Самая младшая из всех нас была Злата, даже и до метаморфоза она выглядела меньше своих зим, а после стала совсем как малышка зим восьми, тоненькая, кудрявая девочка. И вот стала она поодаль от дороги, у дерева большого, встала, обняла толстый ствол и давай плакать да маму звать, что жалобно так, со слезой, как у нас у самих на душе посмурнело. Обозники желтоголовые и купились на то. Сразу двое пошли, и один взял Златку за ворот, и оба смеялись, а им от дороги маг их заторопился, спасать дурней, да не успел, Ненаш его раньше упокоил. А Златка вывернулась да и впилась в горло тому, кто держал её, а второй не успел понять, что происходит, как и сам уже от Златки получил ровно всё то же самое, порванное горло и смерть. А с остальными справились быстро.
Потом мы открыли портал и увели спасённых в Дармицу, а прежде мёртвых всех сожгли, что не понять стало, как они умерли. Нельзя было пока желтоволосым знать, какой страх по их души здесь ходит.
А дети разные были, и маленькие совсем, и постарше, и даже как мы были, и среди них я увидела Сихар Тепчог из поморских сТепи, и ей обрадовалась: до вторжения мы жили вместе в Светозарном два лета и даже дружили, она была младше меня на два года. Так было, что Сихар в драку ввязалась, и не совладала, а меня узнала и позвала, что я пришла, желтоволосому на беду. То некогда было нам между собой поговорить, что уходить было надобно, и стали мы уходить,
Сихар отлично организовала малышей при проходе через портал, что ни один не потерялся и не получил травму.

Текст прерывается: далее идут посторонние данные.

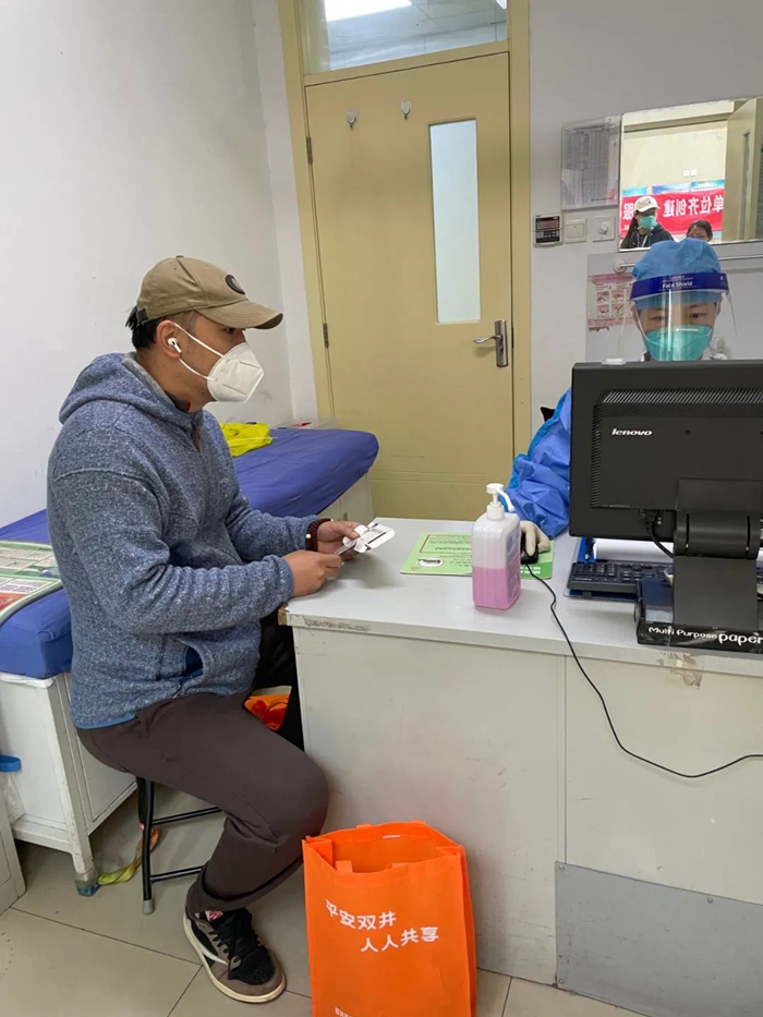 一次,在维持核酸检测现场秩序的工作中,他看到一名独自坐着电动轮椅的老大爷排在队尾,并听到大爷抱怨说队伍太长想要回家时,他赶紧跑上前去说:“大爷您别急,我帮您申请个快速通道,马上咱们就能检测完”。他推着大爷到核酸检测登记的位置说明事情缘由,临时为大爷安排了快速通道进行检测,前后不到4分钟就帮老大爷完成了核酸检测。

Как пришли в Дармицу, что беда позади осталась, и я подошла к подруге, что говорить хотелось, послушать про наших из Светозарного, кто ещё жив и что теперь делает. А Сихар так стала, нарочно между мной и спасёнными, и крикнула, чтобы я уходила прочь, что была она из хорошей семьи, с наследственной склонностью к магии высших порядков, а знала, что убивала я желтоволосых, а и видела больше, чем обычный человек.
Я пошла от неё, долго сидела на солнце, что камни грело у побережья нашего с доктором сТруви места, и покоя мне не было, что забыть подругу не могла, лицо её, голос, взгляд. Как беда, то 'Фиалка, спаси!', а как страх позади остался, то 'поди прочь, упыриха'. Так нашёл меня Канч сТруви и велел спать идти, не должно мне нарушать режим, мала ещё. Тогда рассказала ему, как у меня стало с Сихар, а он не удивился тому.
— Живые, — сказал он, — никогда, пропади они пропадом, они не изменятся. Не должно тебе от них благодарности ждать, делай, что делаешь, и будь как будет, а что они о тебе думают и как поступают с тобой, то на их совести, не на твоей.
— А вы их лечите, — сказала я, и дождалась его повести.